The woman behind the desk checked, and then with a straight face informed me that there had been 'technical difficulties' at Amsterdam Schipol, and that my bag would not now arrive until tomorrow evening. She asked for the name of my hotel and told me it would be delivered directly to my room. All fine and good, but there was me standing there in my jeans and sneakers, and my best suit and shirt were in my luggage. In Amsterdam. Worse, my keynote was scheduled for the following morning, which left me in something of a dilemma. To say I was furious with the airline would have been an understatement. The plane I disembarked at Amsterdam was exactly the same plane I got into again to fly onward to Cologne. I recognised the crew. I got off the plane, trotted a mile or more across Schipol Airport and then got back on to exactly the same plane, but in the meantime my bag had been removed and left who knew where.
And so I arrived at my hotel, checked in to my room and then proceeded to tweet my problem to anyone on Twitter who cared to read it. I named and shamed KLM, and then went off to find something to eat. An hour later, to my surprise, KLM responded to me on Twitter, apologising for the mix up and advising me that I should go and purchase whatever I needed, and they would foot the bill. Wonderful. Clutching my credit card, I went off and bought a new pair of shoes, two new shirts, underwear, socks, shaving kit and toiletries. I stopped short of purchasing an expensive new suit. I was wearing a serviceable jacket and anyway, KLM would probably only increase the airfares to compensate if I blew another 1000 Euros on a Ted Baker original.
The keynote went well and my luggage duly arrived the following evening. But how did KLM know to respond to my tweet? Answer - they were scanning for mentions of KLM on Twitter and other social media. This is known as sentiment tracking, a method that may well come in useful in education in the future. I'll give you some examples of how it's used now and how it works...

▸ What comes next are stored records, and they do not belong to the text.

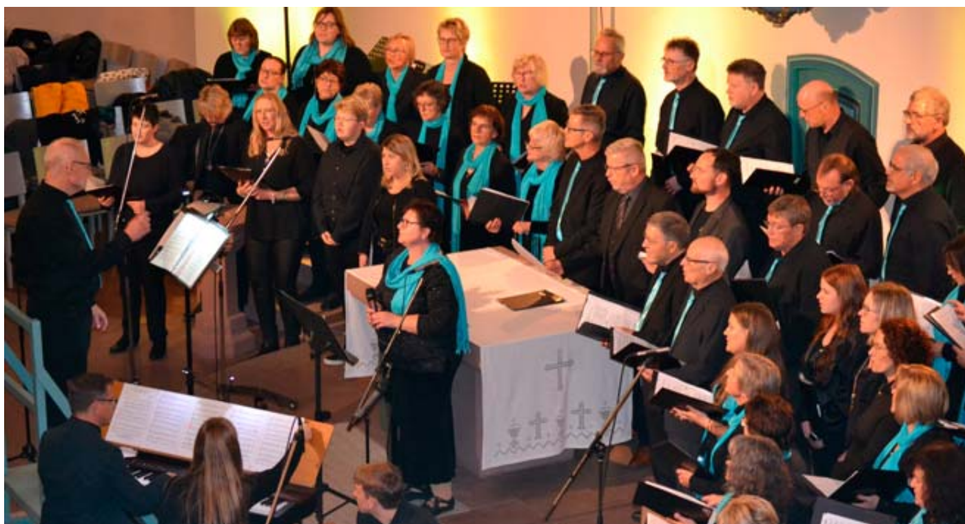
Das Publikum erlebte einen musikalischen Mix aus Jung und Alt.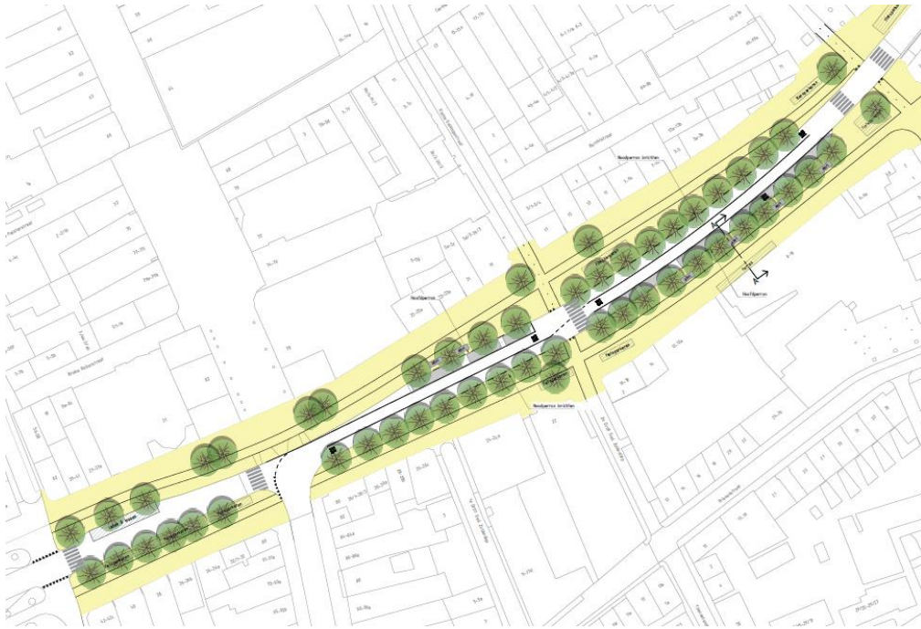
Afbeelding 4: Nieuwe situatie haltering Gedempte Zuiderdiep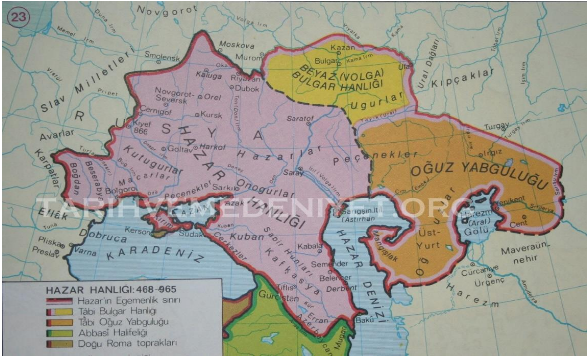
Harita 3.1. Hazar Ülkesi Siyasi Sınırları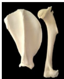
Escápula y Húmero

Que la longitud del húmero sea igual a la longitud de la escápula puede ser más que nada una tradición científica proveniente quizás del Bóxer, el Rottweiler y el Schnauzer Gigante, mientras en el Pastor Alemán, midiendo atentamente 6 sujetos en 5 el húmero era de promedio 2 centímetros más largo que la escápula.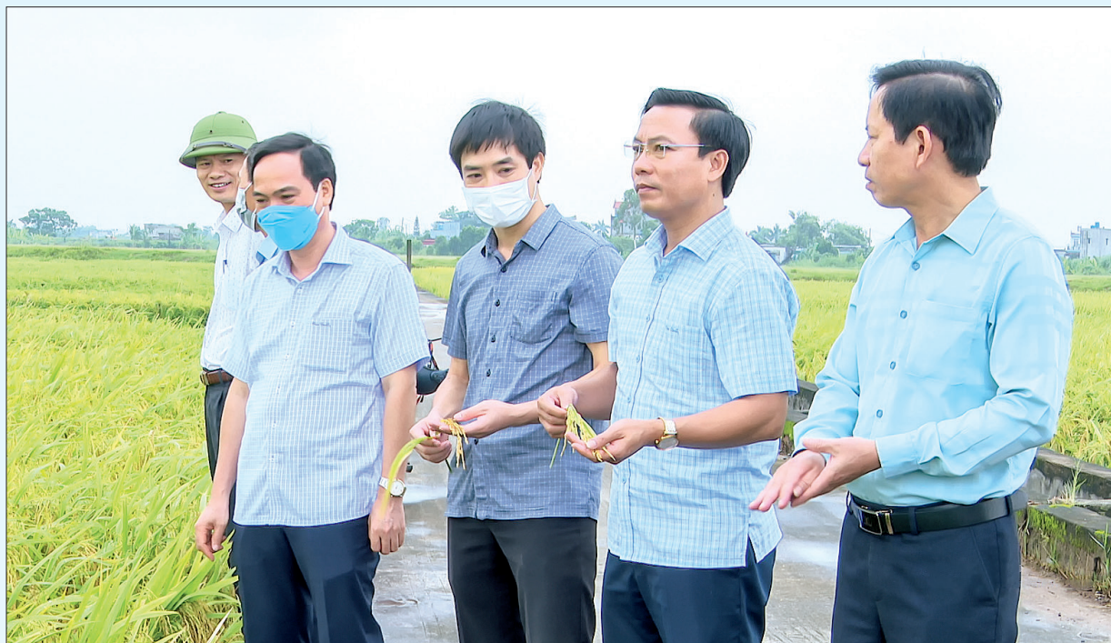
Các đồng chí lãnh đạo huyện Kiến Xương thăm đồng, đánh giá năng suất lúa mùa năm 2021.

Năm 2021 đi qua đánh dấu năm khởi đầu của nhiệm kỳ mới với những khó khăn chưa có trong tiền lệ đối với tất cả các lĩnh vực, ảnh hưởng trực tiếp đến kinh tế - xã hội và đời sống nhân dân trên địa bàn huyện Kiến Xương. Song, với quyết tâm thực hiện hiệu quả mục tiêu kép vừa phòng, chống dịch Covid-19 vừa phục hồi, phát triển kinh tế - xã hội, cả hệ thống chính trị và cộng đồng doanh nghiệp, nhân dân trong huyện đã cùng nhau vượt qua khó khăn, thách thức, đưa kinh tế - xã hội của huyện đạt nhiều kết quả quan trọng.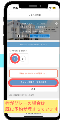
④枠を選択し、チケット購入に進む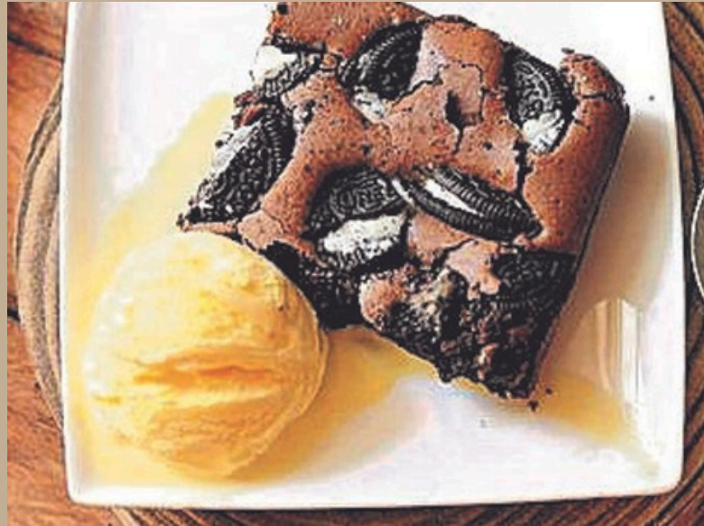
Brownie de galleta oreo

Esponjoso brownie de chocolate con galleta y helado de vainilla.

The Twitter example above is a very primitive form of Sentiment Tracking and Analysis (also known as opinion mining). It simply involves a KLM staff member regularly scanning the popular social media channels to intervene if there is any bad publicity or complaint, before it blows up into something unmanageable. Several tools are available for sentiment tracking on Twitter and other social media channels. Sentiment tracking is becoming much more sophisticated. Many large business do this now, because they want to know what is being said about their brand. They know that a complaint in a public forum can have a highly negative impact on their business if it's not dealt with quicky. But sentiment tracking can also be harnessed positively by businesses. Recently I wanted to buy some black, Italian hand made slip on shoes. I visited one or two online stores, and then without purchasing, I went off to do other things. An hour later, I searched on Google for some e-learning blogs, and landed on my first page. There at the bottom of the Blogger website this advert was staring back at me:
How did the system know how to target me? The online store (Amazon) had logged my IP address, and my interest in that specific product, and the fact that I had not purchased. It had probably sent a cookie. It assumed from this that I must still be interested. At the next available opportunity, Amazon targeted me with an advert through Google Ads via Blogger. The same applies when you mention something on Facebook, or simply let slip your date of birth, location or other personal information such as hobbies and interests. Before you know it, Facebook is pushing targeted advertising to your page, and it's highly effective. Facebook logs dozens of different items of personal data from your actions every time you visit, tag a photo, post a new status update or 'like' someone's comment.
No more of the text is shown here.